Она вышла на улицу, с жадностью глотнув холодного воздуха. «Блошиный рынок «Старьёвщик», — прошептала она, сжимая в кармане бумажку. Это была единственная нить.
Рынок представлял собой хаотичное нагромождение палаток. Лавка «Старьёвщик» была завалена старыми часами, потрескавшимися зеркалами, грудой книг с пожелтевшими, похрустывающими страницами. За прилавком, разбирая ржавый замок, сидел сухонький старичок в очках с толстыми линзами. Его глаза, увеличенные стёклами, походили на чёрные бусинки.
— Здравствуйте, — голос Анжелики прозвучал твёрже, чем она чувствовала. Она протянула квитанцию. — Месяц назад здесь купили картину. «Девочка с куклами». Мужчина, высокий, молчаливый, лет шестидесяти. Помните?
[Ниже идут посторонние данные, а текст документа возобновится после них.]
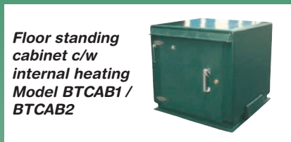
Floor standing cabinet c/w internal heating Model BTCAB1 / BTCAB2
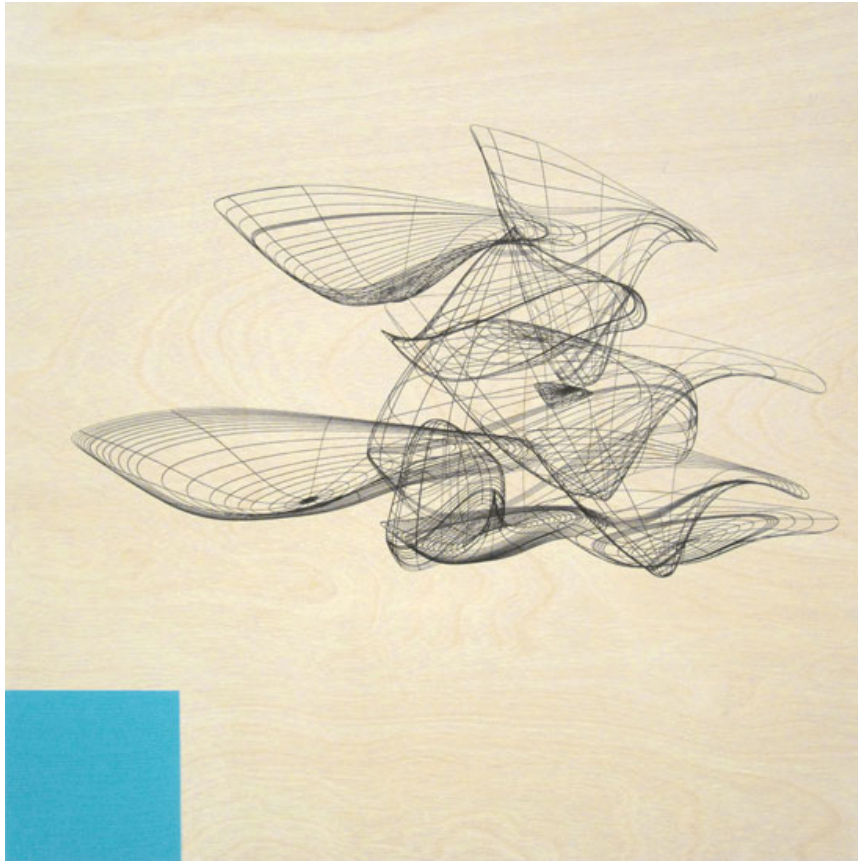
"Wireframe with Blue Square" by Colin Goldberg, 2013. Pigment transfer and acrylic with liquid polymer on birch panel, 12×12 inches.

Старик, не отрываясь от замка, медленно улыбнулся. Улыбка жила отдельно от его выцветших глаз.
— А, эта картина... — его голос скрипел, как перо по сухой бумаге. — «Девочка с куклами». Она кочует.
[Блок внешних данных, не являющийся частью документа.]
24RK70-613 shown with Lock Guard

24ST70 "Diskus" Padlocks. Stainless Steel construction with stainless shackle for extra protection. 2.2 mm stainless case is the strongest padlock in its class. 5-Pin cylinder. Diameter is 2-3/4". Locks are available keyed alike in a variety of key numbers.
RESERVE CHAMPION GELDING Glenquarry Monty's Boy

— Кочует? — Анжелика насторожилась. Старик казался ей странным и пугающим, но она держалась прямо, сжимая руки в кулаки, чтобы скрыть дрожь.
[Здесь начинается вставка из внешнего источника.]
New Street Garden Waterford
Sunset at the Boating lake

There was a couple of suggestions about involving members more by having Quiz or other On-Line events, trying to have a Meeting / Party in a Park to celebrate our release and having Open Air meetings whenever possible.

— От одного одинокого человека к другому, — он поднял на неё буравящий взгляд. — Ищет тех, кто тонет в тишине. Ваш... родственник? Он был глух, да? После войны.
Её бросило в жар. Она не говорила об этом.
—Откуда вы знаете?
Старик усмехнулся — сухой звук, похожий на шелест листьев под ногами.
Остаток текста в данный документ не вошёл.